Saturday, November 18, 2017
Repeat feat lies on Bynum’s shoulders (and knees)
By Evan Barnes (Sports Editor)
Published May 27, 2010

Repeat feat lies on Bynum’s shoulders (and knees)

Despite injuries, center’s mental state will either drive or derail Lakers’ title hopes.

Lakers fans started chanting it after Game 2, “We Want Boston! We Want Boston!”


Boston fans were thinking it after Game 5 yesterday, “Beat L.A! Beat L.A.!”


The rematch that Lakers fans and the NBA has been waiting for is almost a formality. But while we get ready to see classic footage from the 60’s, 80’s and 2008’s version of the Boston Massacre, there’s one small problem.

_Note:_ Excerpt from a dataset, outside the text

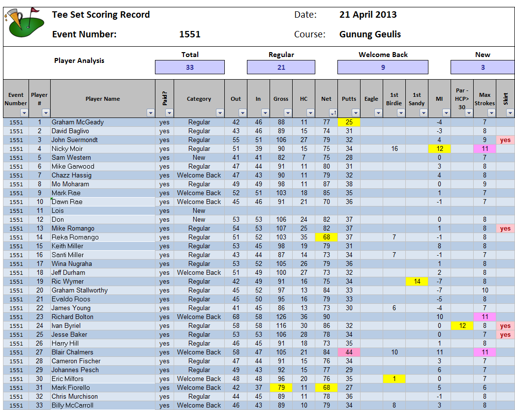 Thirty three starters on a day the course hosted not one, but two Jakarta golf societies. The DOGS with a similar number of starters took over the West course while Tee Set took over the East. One assumes club members had been informed in advance to play somewhere else.
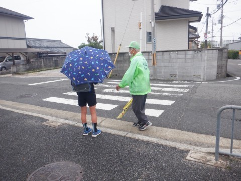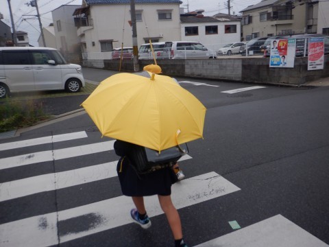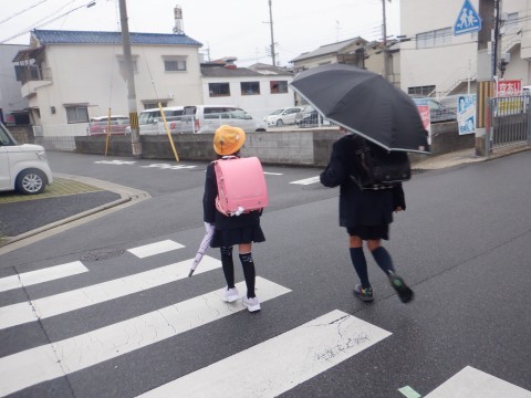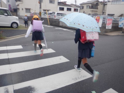 今朝の登校の様子です。冬のはしりのような冷たい雨が降る朝です。

Actually a big problem in Andrew Bynum. It’s late May so that means another question about Bynum’s effectiveness and his fragile knees.


Fans will tell you that the Lakers won the title last year with Bynum playing the same way. Realists will point out that dealing with Dwight Howard pales to handling Kendrick Perkins, Kevin Garnett and Glen Davis.


Here’s a fact nobody wants to admit. The Lakers will not win against Boston if Bynum can’t stay in games long enough to make an impact.


Read that again. The 2010 NBA Finals will not be won on Kobe Bryant averaging a near double-double in points and assists or if Pau Gasol shows a toughness he lacked two years ago. It’s about Bynum being a presence, not just a decoy.


Call this writer crazy. Call me a pessimist in the middle of a repeat fever sweeping the city. But call me correct if Game 3 against Phoenix didn’t show a potential problem with Bynum and Lamar Odom not being effective.


When one of those two has a great game, the Lakers usually win. When both are handcuffed by bad fouls and somebody in their face, the game becomes that much harder for them.


Bryant and Gasol had 20-plus points, usually an automatic postseason win. But despite Bryant’s near triple double, the outcome was a loss as Bynum had more fouls than points once again.


It’s hard to blame Bynum for being a tease when injuries have slowed him down. But if Greg Oden can wrongly be labeled a near-bust in Portland with similar to worse knee injuries, it’s time to get real about Bynum.


He is who we thought he is – a big body that can rebound, block and score when necessary, in that order. A center that’s been taught from one of the best in Kareem Abdul-Jabbar but lacks the poise to contribute every night.


That being said, he’s the ex-factor against Boston. He’s a better scorer than Kendrick Perkins and he has the size to neutralize him on the glass.


It all depends if mentally he can block his knee troubles and not disappear when Gasol exerts his will on the court. That’s where the 22-year-old has to grow up and do it quickly.


With Game 5 tonight, Bynum has to play like he did in Game 2. Come out aggressive, demand the ball and be smart about picking up fouls.


He’s not the cornerstone many expected when Abdul-Jabbar began working with him but he’s not a bust either. Now is the time for him to make up in his mind if he wants to be reliable because the title hopes of a city rests on it.